##### RAW DATA #####
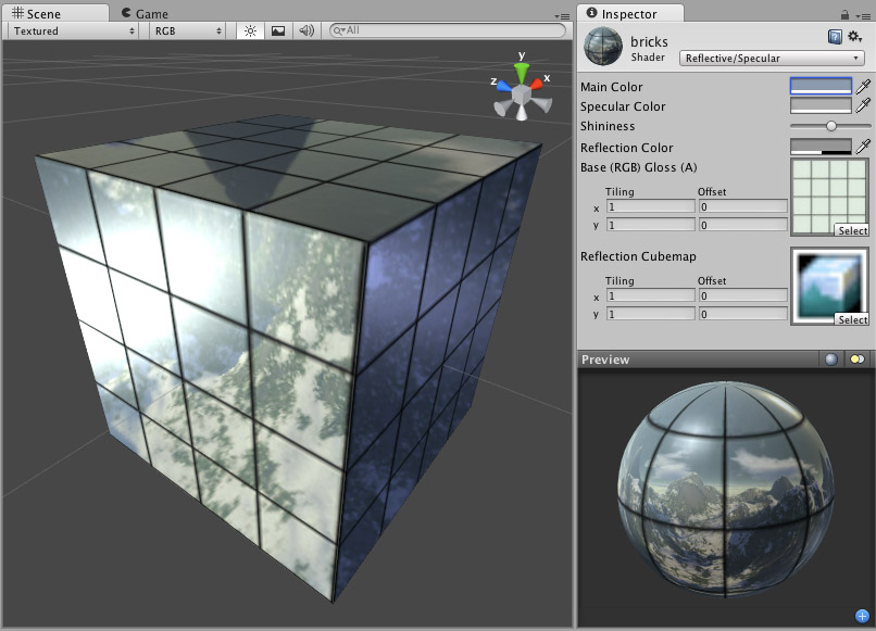 See in Glossary which will define what exactly is reflected. The main texture’s alpha channel defines the strength of reflection on the object’s surface. Any sceneA Scene contains the environments and menus of your game. Think of each unique Scene file as a unique level. In each Scene, you place your environments, obstacles, and decorations, essentially designing and building your game in pieces. More info
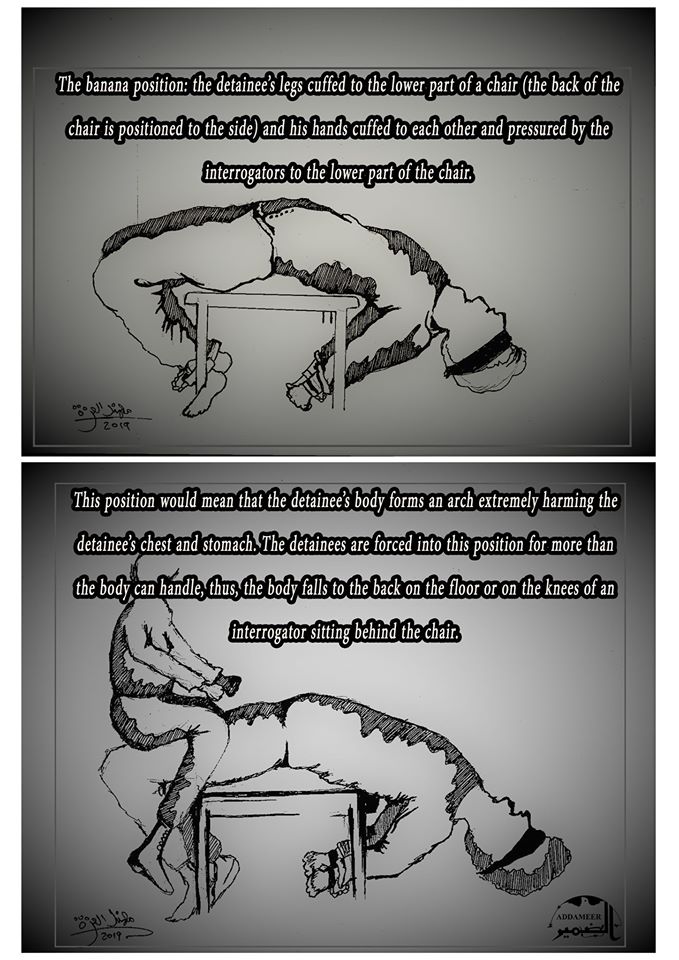 Later, Mays was transferred to the Moskobiyeh interrogation center. She was strip-searched and then transferred to the interrogation cells. She recalled that her interrogations lasted for many hours at a time while she was shackled to a small chair inside a very cold cell. After six days, the “military interrogation” began with her, which included the use of stress positions like the “banana” and “squatting” or the “false chair” for long periods of time, in an attempt to coerce a false confession from her.
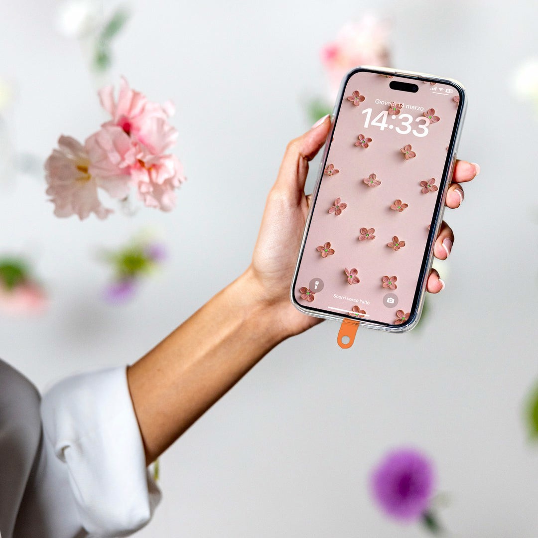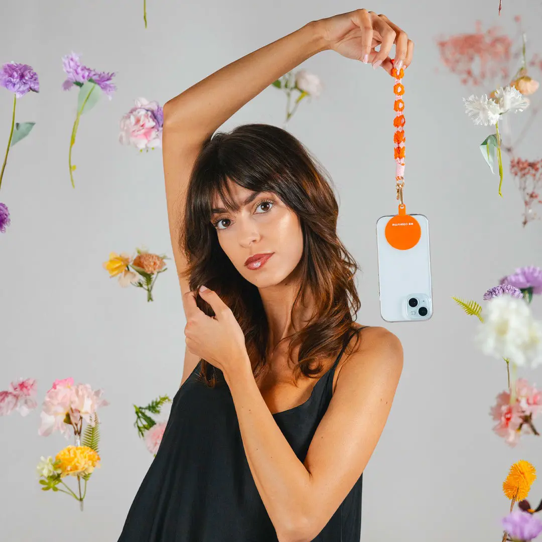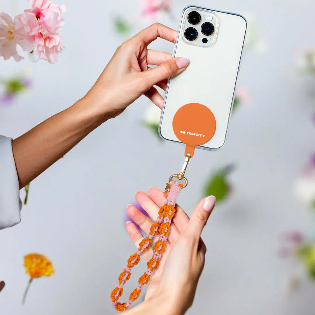 Case & Me Coco Braccialetto per smartphone a fiori rosa, arancione
#####
TASK REQUIREMENTS: Set down all of the data word for word; no pictures belong in it.

SOLUTION:
 See in Glossary which will define what exactly is reflected. The main texture’s alpha channel defines the strength of reflection on the object’s surface. Any sceneA Scene contains the environments and menus of your game. Think of each unique Scene file as a unique level. In each Scene, you place your environments, obstacles, and decorations, essentially designing and building your game in pieces. More info
 Later, Mays was transferred to the Moskobiyeh interrogation center. She was strip-searched and then transferred to the interrogation cells. She recalled that her interrogations lasted for many hours at a time while she was shackled to a small chair inside a very cold cell. After six days, the “military interrogation” began with her, which included the use of stress positions like the “banana” and “squatting” or the “false chair” for long periods of time, in an attempt to coerce a false confession from her.
 Case & Me Coco Braccialetto per smartphone a fiori rosa, arancione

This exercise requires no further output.